So the ALTER waited on the meta data locks just after the table with the new structure had been created and populated with data but before the old table was swapped with the new one. Note that ALTER is a multi-step process, the old table is locked in shared mode and then something similar to the following steps are taken: a new table with the new structure is created and then INSERT INTO new_table SELECT * FROM old_table is done and then RENAME old_table to tmp_table, new_table to old_table and finally DROP tmp_table.
Let’s see another example, this time trying a RENAME:

session2 > RENAME TABLE test to test_2;

session3 > show processlist;
+----+----------+-----------+------+---------+------+---------------------------------+-----------------------------+
| Id | User     | Host      | db   | Command | Time | State                           | Info                        |
+----+----------+-----------+------+---------+------+---------------------------------+-----------------------------+
|  1 | msandbox | localhost | test | Sleep   |   49 |                                 | NULL                        |
|  2 | msandbox | localhost | test | Query   |   35 | Waiting for table metadata lock | RENAME TABLE test to test_2 |
|  3 | msandbox | localhost | test | Query   |    0 | NULL                            | show processlist            |
+----+----------+-----------+------+---------+------+---------------------------------+-----------------------------+
3 rows in set (0.00 sec)

And you can see that the RENAME is also blocked, because a transaction that accessed the table “test” is still open.

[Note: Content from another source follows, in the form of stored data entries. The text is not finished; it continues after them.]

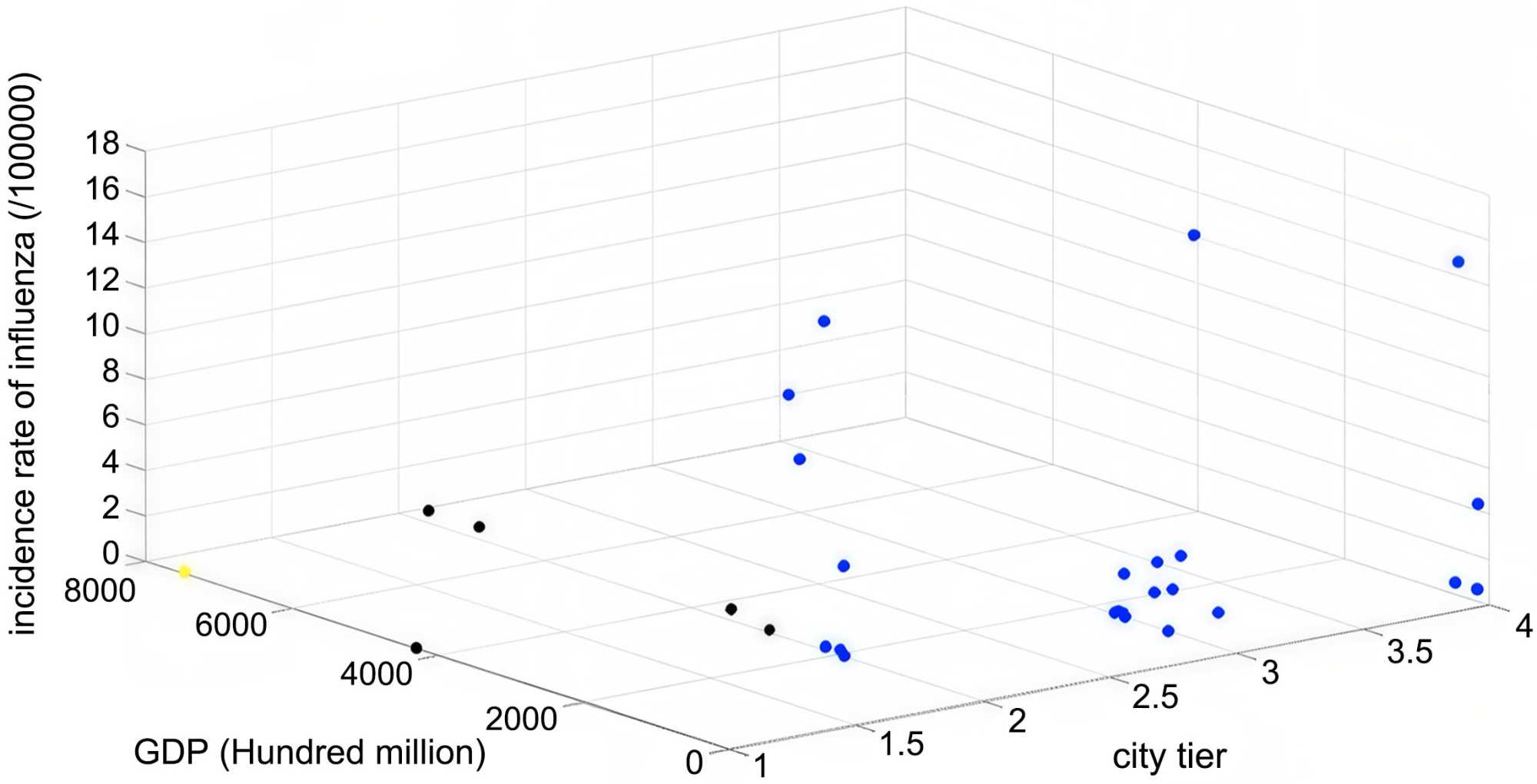 Through the three-dimensional scatter plot drawn by MATLAB, cities are divided into three categories, which are represented by blue, black and yellow, respectively. Each type of city shows different characteristics in terms of urban line level, GDP and influenza incidence (Figure 2).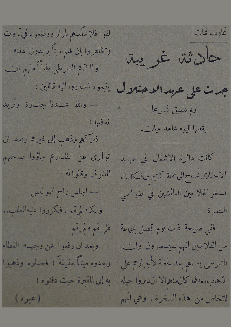 حادثة غريبة جرت على عهد الاحتلال ولم يسببق نشرها يقصها اليوم شاهد عيان.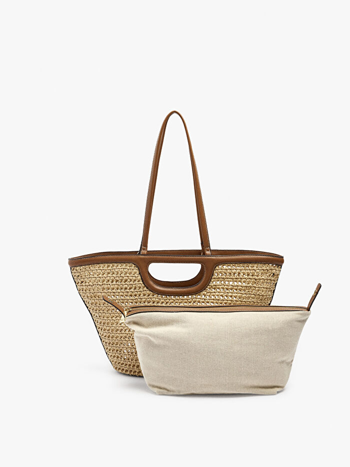 Hasır efektli, yapılı ve çıkarılabilir fermuarlı poşetli tote çanta. Büyük boy. Entegre el askısı. Sabit omuz askıları.

So we have an interesting conclusion here that the ALTER waits only at the last stages when its making changes to the table metadata, a table ALTER that alters a big table can keep executing without any hindrance, copying rows from the table with the old structure to the table with the new structure and will only wait at the last step when its about to make changes to table metadata.

Let’s see another interesting side-affect of metadata locking.

When can ALTER render the table inaccessible?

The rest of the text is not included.